Мне, привыкшему к общению с менеджерами, было неприятно.
Мы прошли по небольшому безлюдному цеху, свернули в коридор и остановились у первой же двери.
Один из парней заглянул внутрь и сказал:
— Доставили.
Там, должно быть, меня ждали, потому что дверь открыли пошире, чтобы я мог пройти, — ну, и провели в помещение.
Только что я был в обшарпанном заводском коридоре, и вот — оказался в самом современном офисе.
Стены его — матово белые, слева белый кожаный диван и такие же два кожаных кресла, — с белым журнальным столиком посередине. В центре кабинета буквой «Т» председательский стол, к нему приставлен стол для гостей, — и это все коричневой полировки прекрасного дерева.
Справа секретарский столик с функциональным рабочим креслом на колесиках. Там стоит компьютер. За секретарским местом, — мужик в кожаном пиджаке, он играет в какую-то игру, и так увлечен игрушечной конницей, которая идет в атаку, что не заметил моего появления.
Остальные трое парней, тоже в кожаных пиджаках, один за начальственным столом и двое невдалеке, заметили, — они не спускают с меня внимательных глаз.
— Привет, — говорит тот, кто поглавней, — документы есть?
— Сейчас посмотрим, — отвечает голос сзади, и я чувствую, как шаловливые ручки запрыгали по мне, легким каким-то изящным движением освобождая карманы от содержимого.
Але! — все мое хозяйство оказывается на столе, перед кожаными парнями. В том числе паспорт.
— Гордеев Михаил Павлович, — читает главный, потом смотрит на фотографию, а следом на мое лицо, — все сходится.

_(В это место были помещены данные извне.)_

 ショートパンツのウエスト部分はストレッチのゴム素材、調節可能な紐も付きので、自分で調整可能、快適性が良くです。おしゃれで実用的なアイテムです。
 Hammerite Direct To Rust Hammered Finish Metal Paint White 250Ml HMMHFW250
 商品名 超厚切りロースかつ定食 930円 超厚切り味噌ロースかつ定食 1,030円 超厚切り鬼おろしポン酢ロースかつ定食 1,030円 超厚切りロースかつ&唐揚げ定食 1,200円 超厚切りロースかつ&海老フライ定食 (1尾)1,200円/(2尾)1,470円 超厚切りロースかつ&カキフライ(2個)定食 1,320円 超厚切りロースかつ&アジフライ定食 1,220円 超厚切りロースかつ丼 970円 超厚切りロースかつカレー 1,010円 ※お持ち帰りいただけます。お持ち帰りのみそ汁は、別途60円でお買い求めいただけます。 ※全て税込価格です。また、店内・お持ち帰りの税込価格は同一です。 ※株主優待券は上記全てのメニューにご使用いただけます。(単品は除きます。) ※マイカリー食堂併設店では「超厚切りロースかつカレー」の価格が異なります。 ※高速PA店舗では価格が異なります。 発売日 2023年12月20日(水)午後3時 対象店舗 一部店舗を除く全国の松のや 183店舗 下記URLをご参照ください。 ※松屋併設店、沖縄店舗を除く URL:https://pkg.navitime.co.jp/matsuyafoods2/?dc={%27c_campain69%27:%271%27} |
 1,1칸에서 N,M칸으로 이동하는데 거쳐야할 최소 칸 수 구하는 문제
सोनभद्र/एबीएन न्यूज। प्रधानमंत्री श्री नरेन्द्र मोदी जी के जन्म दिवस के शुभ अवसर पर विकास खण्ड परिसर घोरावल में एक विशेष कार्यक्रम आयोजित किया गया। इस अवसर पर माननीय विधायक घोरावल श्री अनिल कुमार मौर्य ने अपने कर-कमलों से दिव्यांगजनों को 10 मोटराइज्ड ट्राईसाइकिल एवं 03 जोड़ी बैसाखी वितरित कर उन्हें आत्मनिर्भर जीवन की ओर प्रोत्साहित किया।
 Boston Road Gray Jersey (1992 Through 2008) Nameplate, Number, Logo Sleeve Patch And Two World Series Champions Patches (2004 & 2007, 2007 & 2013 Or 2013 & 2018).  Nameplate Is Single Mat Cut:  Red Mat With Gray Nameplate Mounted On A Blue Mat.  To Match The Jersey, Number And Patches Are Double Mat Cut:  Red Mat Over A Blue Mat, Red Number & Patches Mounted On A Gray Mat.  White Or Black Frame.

— Вы — Гордеев Михаил Павлович? — спрашивает он.
— Мне разбили голову, — говорю я.
Главный пожимает плечами, продолжая листать паспорт. Это крепкий коротко стриженный, моих лет, парень. Моих лет и даже моего роста… Может быть, мы ходили в один детский сад, — только я его не помню.
— Как же так, Михаил Павлович, — отложив в сторону документ, говорит он, — делиться надо…

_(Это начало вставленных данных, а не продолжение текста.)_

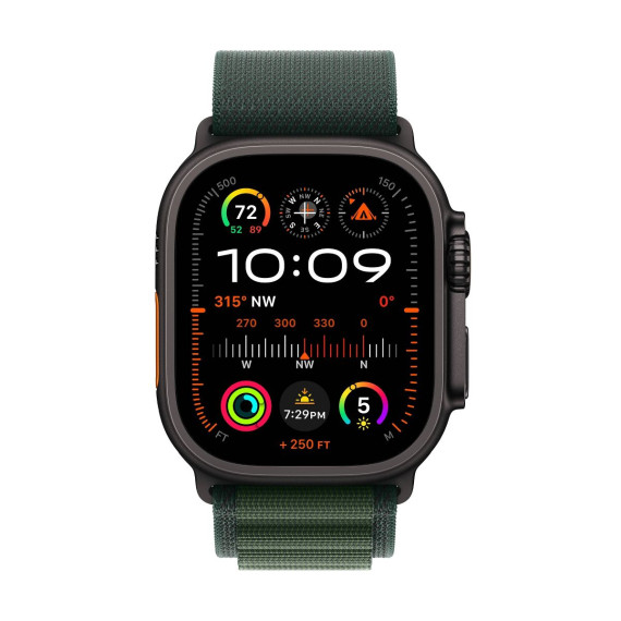 Apple Watch Ultra 2 GPS + Cellular 49mm Black Titanium Case with Dark Green Alpine Loop - Small
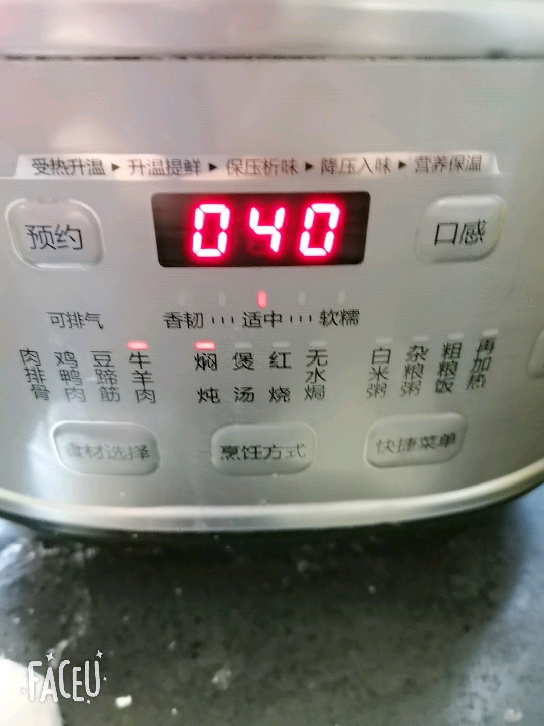 步骤11、放入电压力锅选择牛羊肉,焖炖键开始炖!
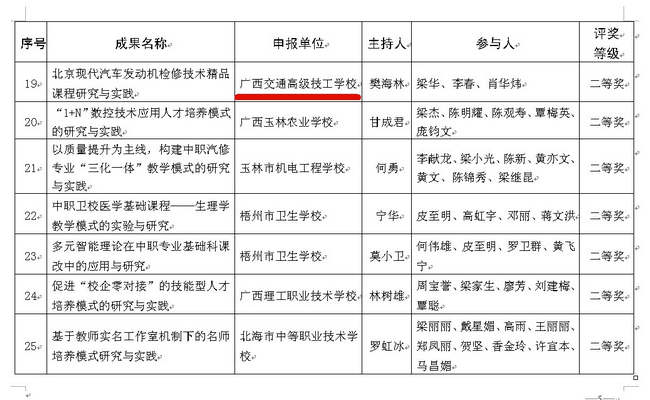我院四項教學教改成果榮獲第八屆廣西中等職業教育教學改革成果獎項
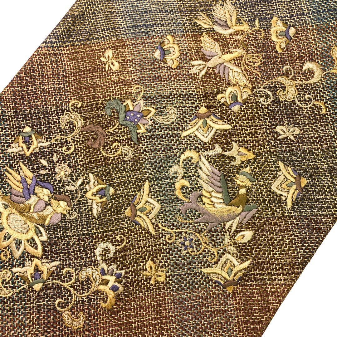 斜めのグラデーション、金糸が織り込まれた煌びやかな色彩に美しい織模様、刺繍の花唐草模様に花喰い鳥、鴛鴦などの柄裄がデザインされた素敵なお品でございます。
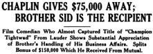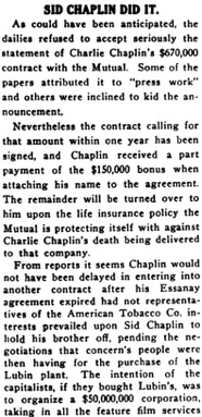 Chaplin‘s $670,000 contract with the Mutual. Some of the papers attributed it to ,press work‘ and others were inclined

Под пиджаком на нем черная рубашка и золотая цепочка на шее, — мода бандитов девяностых. По ящику во всех сериалах про благородных бандитов, самые благородные ходят по такой моде, — в черных рубашках и с золотыми цепочками на шеях. Чем черней и чем золотистее, — тем благородней.
Но сейчас-то, две тысячи третий, — заканчивается. Или это уже форма?

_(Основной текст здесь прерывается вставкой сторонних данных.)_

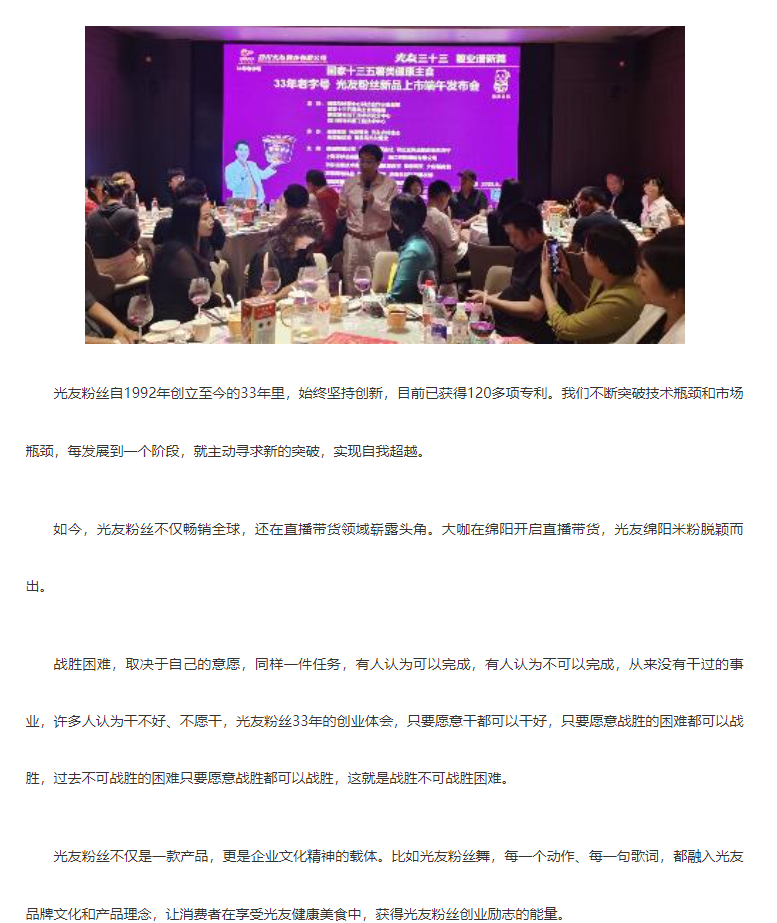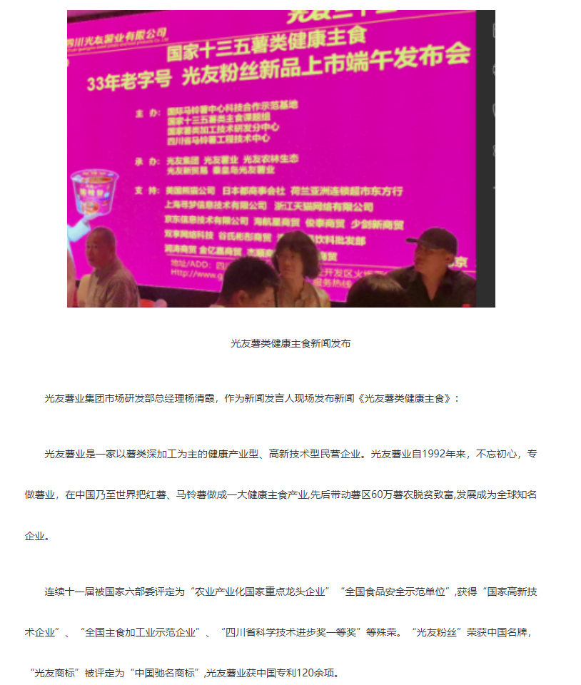轉(zhuǎn)載中華網(wǎng)——光友酸辣粉 光友綿陽米粉低GI薯類健康主食 北京新聞發(fā)布轟動全球
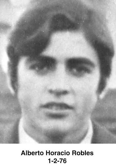 “En los primeros días de febrero de 1976 un amigo de Alberto avisa a su madre que el hijo estaba detenido en una comisaría de San Fernando. La señora se presenta en la comisaría y allí le dicen que Alberto Horacio no estaba ni había estado detenido allí. Horas después, y por intermedio de otros amigos de su hijo, detenidos junto con él, supo que el joven conscripto, a juzgar por los gritos oídos, podría haber sido asesinado dentro de la comisaría. Con esos testimonios la señora radicó una denuncia en el Juzgado Penal número 4, Secretaría 7, Causa 10616/7. Concurrió a declarar personal policial que admitió haber detenido al joven ROBLES durante un procedimiento «de rutina», pero el muchacho «se había escapado».
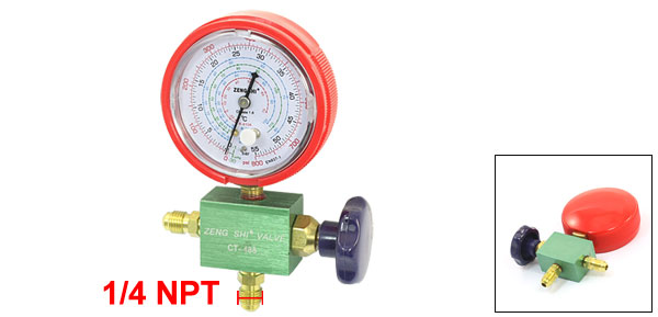 Product Name Single Manifold Gauge Type R410a Thread Diameter 11mm/1/4 NPT Guage Pressure Range 0-55Bar, 800psi Guage Size 7.7 x 3.5cm/3" x 1.4"(D*H) Total Size 14 x 10 x 4cm/ 5.5" x 1.6" x 1.6"(L*W*H) Color Red, Blue, Green, Clear Material Metal, Plastic Net Weight 301g Package 1 x Single Manifold Gauge - Reviews

Странно, я не особенно испуган и, несмотря на боль в затылке, не теряю способности рассуждать. Например, понимаю: то, что мне нахлобучили шапку на глаза — хороший признак, а то, что честно заработанные общественные деньги лежат сейчас на столе перед незнакомыми людьми, — плохой.
— У нас деловое предложение, — говорит главный, не предлагая мне сесть. — Вы женаты?
— Мне разбили голову, — говорю я.
Он смотрит на меня повнимательней, он никак не может понять, при чем здесь моя голова.
— И что? — спрашивает он.
— Да извиниться нужно. Хотя бы ради приличия… — говорю я.
Сам не понимаю, для чего мне потребовалось их позлить. Но я не собирался их злить, я сказал то, что хотел сказать.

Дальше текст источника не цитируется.